Blog Nutrition Turmeric And Cinnamon: The Power Of Golden Milk

Turmeric And Cinnamon: The Power Of Golden Milk

Turmeric and cinnamon are believed to be two of the most powerful spices on the planet. When they’re combined, they make a potent elixir that has been used for centuries in Ayurvedic medicine for treating a wide variety of ailments.

Golden milk is made by simmering dairy or non-dairy milk with turmeric, cinnamon, ginger, and other spices.

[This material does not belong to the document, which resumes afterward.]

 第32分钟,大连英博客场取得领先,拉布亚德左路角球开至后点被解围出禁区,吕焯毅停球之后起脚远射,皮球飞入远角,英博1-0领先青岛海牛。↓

The resulting drink is a rich, creamy, and anti-inflammatory powerhouse that’s perfect for sipping on at any time of day.

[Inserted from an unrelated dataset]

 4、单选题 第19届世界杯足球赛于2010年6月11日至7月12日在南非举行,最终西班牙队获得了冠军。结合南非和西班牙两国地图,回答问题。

Are you curious about what happens when these two spices team up? Keep reading to learn all about the possible benefits of golden milk and how to make your own at home.

What’s In Turmeric and Cinnamon Tea?

Turmeric and cinnamon tea is a concoction of two potent spices, turmeric and cinnamon, steeped in hot water or milk. These warm and earthy flavors complement each other perfectly, creating a comforting blend that is both soothing and invigorating.

Turmeric, a root that’s a member of the ginger family, is known for giving curry its yellow color and is a staple of traditional Indian cuisine. It’s revered for its active compound, curcumin, which is a potent antioxidant and anti-inflammatory substance (14). 

When combined with black pepper, curcumin’s bioavailability is enhanced, which means the body can absorb and utilize it more effectively.

Cinnamon, derived from the inner bark of the Cinnamomum tree, is another nutritional dynamo. It’s rich in antioxidants and has been linked with a range of health benefits, including lowering blood sugar levels and reducing heart disease risk factors (6).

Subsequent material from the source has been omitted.